Barcelona and Real Madrid struggle to sign players given their world-class squads

Samuel Umtiti is one of Barca's summer moves, but there's a notable lack of star power in their targets.

What do you get the man who has everything? It often seems like teams have to sign in the summer, or feel like they have to. But sometimes there's really not much point. And although that doesn't always stop them, maybe this is one of those times.
Maybe this time circumstance has conspired to mean that only real needs will be attended to. After all, how do you improve on Lionel Messi/Neymar/Luis Suárez or Gareth Bale/Cristiano Ronaldo/Karim Benzema? Where do you find players better than Luka Modric or Andrés Iniesta?
As Zinedine Zidane put it on Monday, with the calm certainty that always makes him worth listening to: "It's difficult to improve on this squad."
When you buy the best players every year, it's inevitable that there comes a time when there's not much left to buy. When your rivals do pretty much the same thing, it becomes even harder, and in an era dominated by two men, it's close to impossible.

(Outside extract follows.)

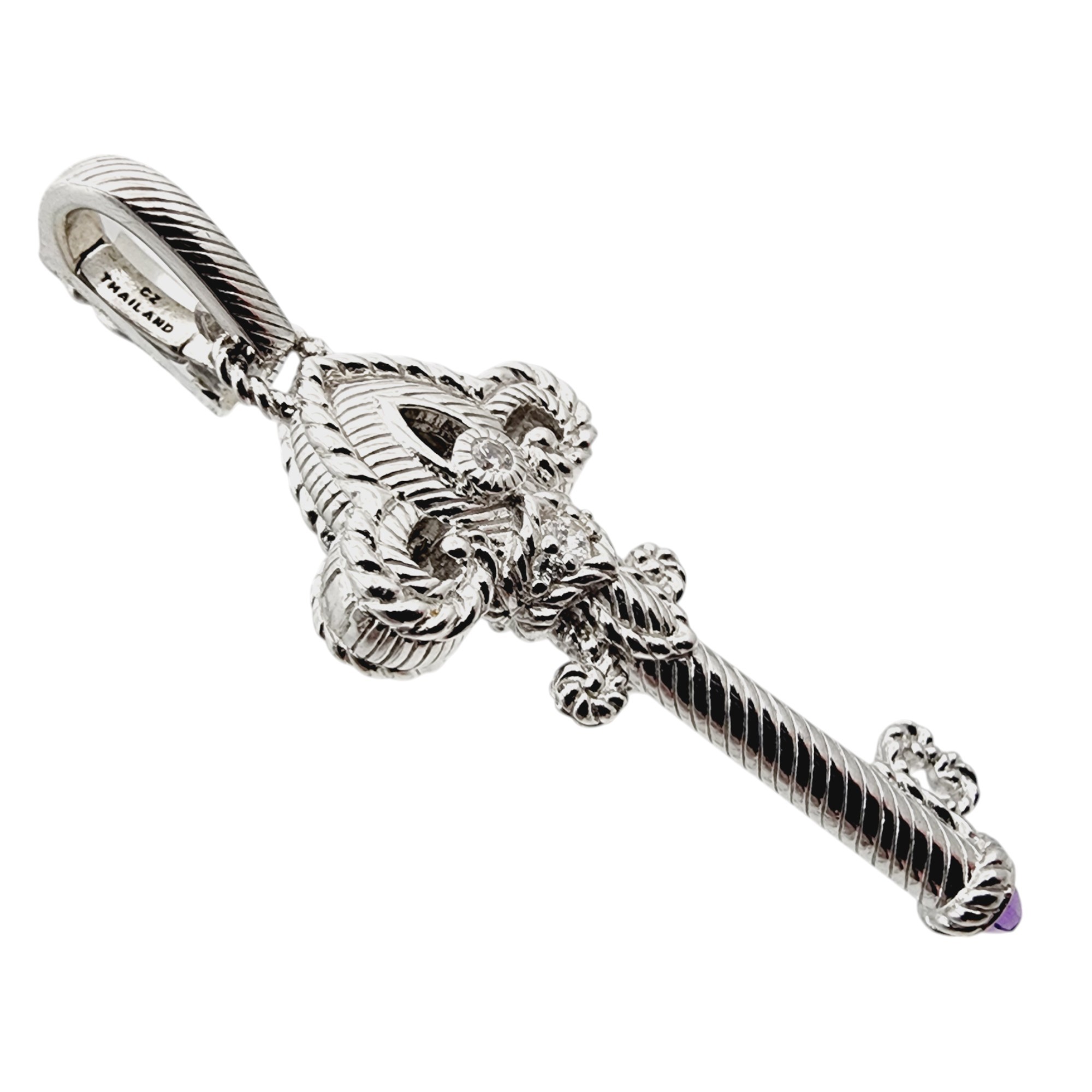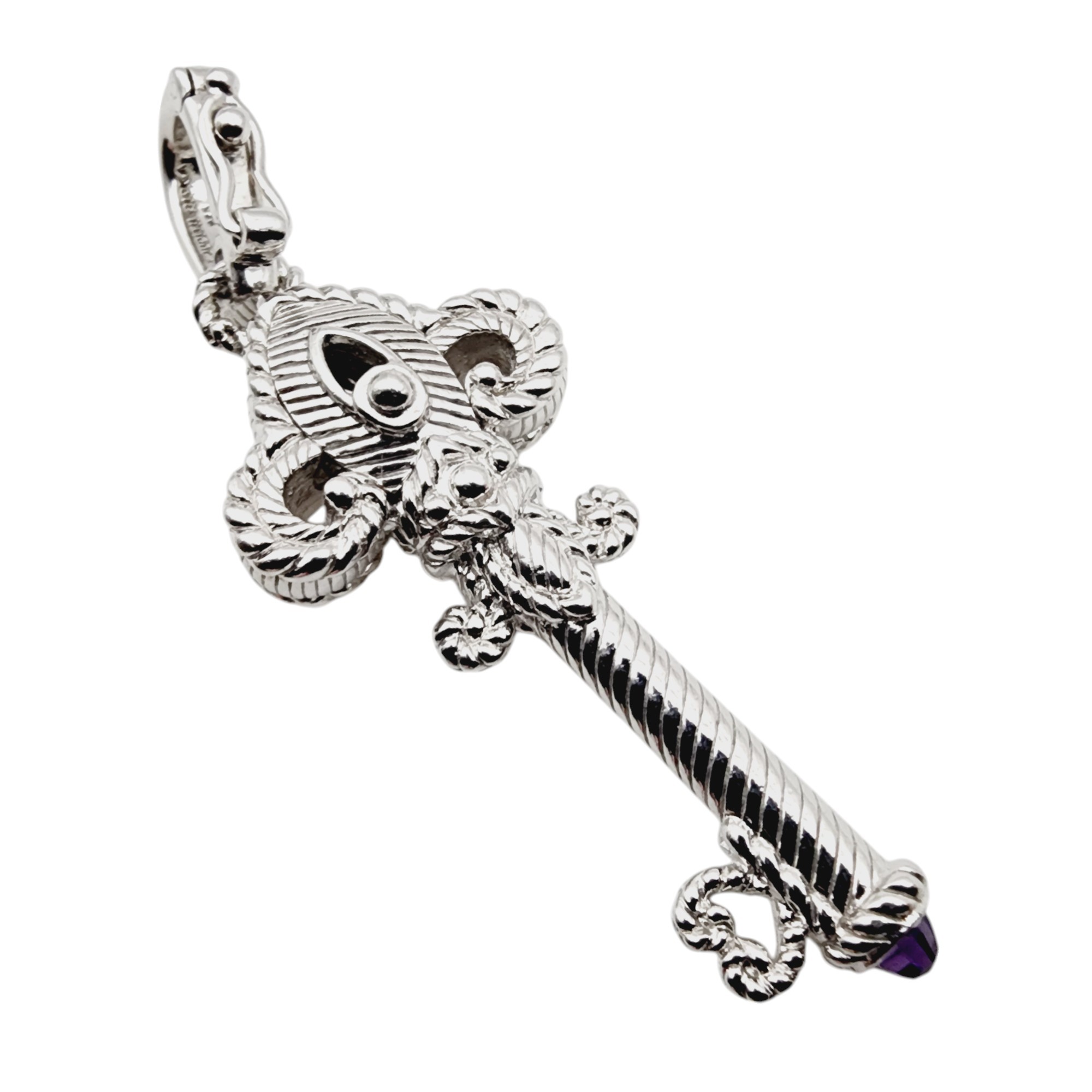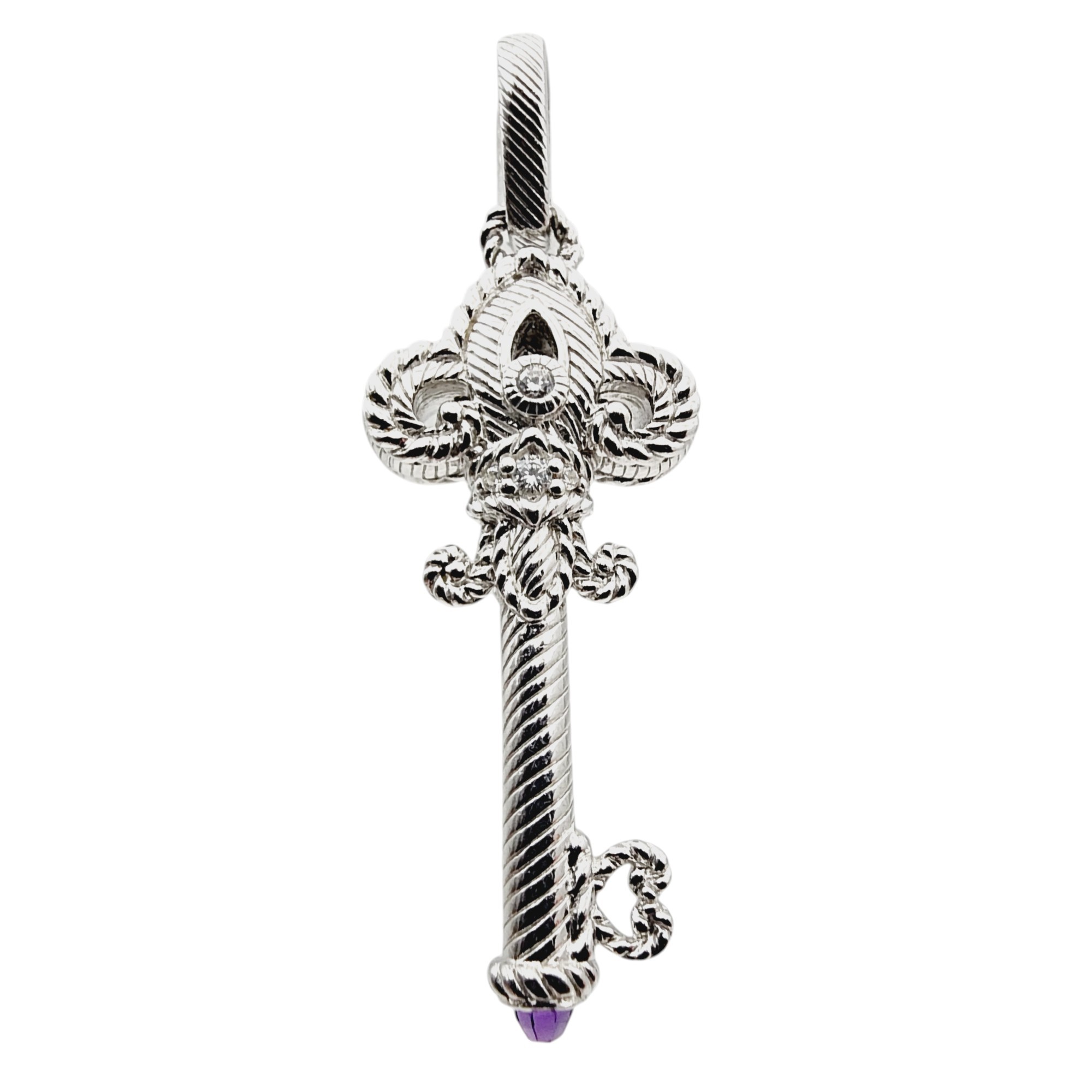 Judith Ripka Sterling Amethyst CZ Key Pendant 10.9g
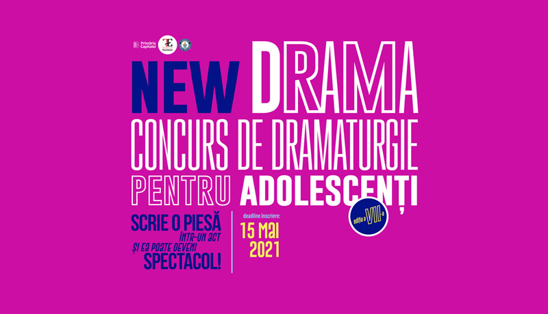 Adolescenții cu vârste cuprinse între 14 și 18 ani pot participa la cea de-a VII-a ediție a concursului de dramaturgie ,,New Drama”, organizat de Teatrul Excelsior București. Termenul limită pentru trimiterea pieselor este 15 mai 2021.

The original galáctico policy was simple: every summer, Madrid bought the best player in the world: Luis Figo, Zidane, Ronaldo. But how do you buy the best player in the world if you already have him? You can't sign your own footballer. You can't present him, either, however much a contract renewal can be dressed up.

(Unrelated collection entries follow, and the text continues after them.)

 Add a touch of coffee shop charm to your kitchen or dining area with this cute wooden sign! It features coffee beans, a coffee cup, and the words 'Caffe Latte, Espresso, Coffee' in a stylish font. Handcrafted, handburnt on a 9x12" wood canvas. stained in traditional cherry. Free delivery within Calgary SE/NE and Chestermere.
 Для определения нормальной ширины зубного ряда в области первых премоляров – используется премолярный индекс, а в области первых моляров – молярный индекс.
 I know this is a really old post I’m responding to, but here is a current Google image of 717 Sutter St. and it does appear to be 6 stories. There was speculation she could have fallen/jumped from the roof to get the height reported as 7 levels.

Every year, players move to Madrid or Barcelona, but every year in recent memory, the best players in the world have been the men who are already there: Messi and Ronaldo have won the last eight Ballon d'Ors between them and no one has seriously suggested they're not the best. Not until recently, anyway. Last season, others challenged them; there might have been a case for saying that there were players who performed better. But then Madrid and Barcelona already have Gareth Bale and Luis Suárez too.

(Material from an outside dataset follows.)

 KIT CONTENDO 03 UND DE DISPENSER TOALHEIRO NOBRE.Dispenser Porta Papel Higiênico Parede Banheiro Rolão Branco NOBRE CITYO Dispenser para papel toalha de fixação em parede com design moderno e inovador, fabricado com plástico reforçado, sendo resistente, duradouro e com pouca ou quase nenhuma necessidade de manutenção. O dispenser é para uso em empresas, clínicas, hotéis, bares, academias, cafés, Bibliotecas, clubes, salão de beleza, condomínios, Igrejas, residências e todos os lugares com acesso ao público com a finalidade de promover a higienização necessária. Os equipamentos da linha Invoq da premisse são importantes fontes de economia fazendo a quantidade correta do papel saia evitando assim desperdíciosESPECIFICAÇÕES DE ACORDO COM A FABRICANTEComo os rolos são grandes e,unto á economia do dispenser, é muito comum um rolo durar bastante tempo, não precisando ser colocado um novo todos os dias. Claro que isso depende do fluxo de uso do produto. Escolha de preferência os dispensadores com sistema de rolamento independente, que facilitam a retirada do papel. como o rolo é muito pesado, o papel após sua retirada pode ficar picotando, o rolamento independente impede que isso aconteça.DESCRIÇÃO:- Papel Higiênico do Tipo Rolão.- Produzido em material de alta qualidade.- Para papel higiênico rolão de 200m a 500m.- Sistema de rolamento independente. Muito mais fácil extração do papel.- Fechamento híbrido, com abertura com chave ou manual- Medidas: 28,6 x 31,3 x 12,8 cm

And so here we are. Last summer, neither Madrid nor Barcelona signed a star -- Barcelona had the transfer ban and Madrid tried with David De Gea -- and this summer, despite the ban looming for Madrid, the early signs are that something similar might be repeated. There is sport and there is strategy; in an ideal world both come together. But this summer they haven't, not exactly.
The summer signing needs to be a star. The power of the presentation matters; that's the moment. Sometimes it's tempting to conclude that the actual football then has a nasty habit of getting in the way. Fans are voracious. Manager Juanma Lillo is fond of saying that the garnish has eaten the steak: that the sideshow has become bigger than the supposed main event. There is no sideshow bigger than signings.
There is a word Real Madrid president Florentino Pérez uses a lot: ilusión. It means "excitement," "dream" or "enthusiasm," and you have to maintain it. Some clubs deliberately time signings to hit the campaign for new season tickets; others want players turning up to wear the new kit. Superstars tip the balance when it comes to presidential elections; in fact, it can feel like they are presidential elections.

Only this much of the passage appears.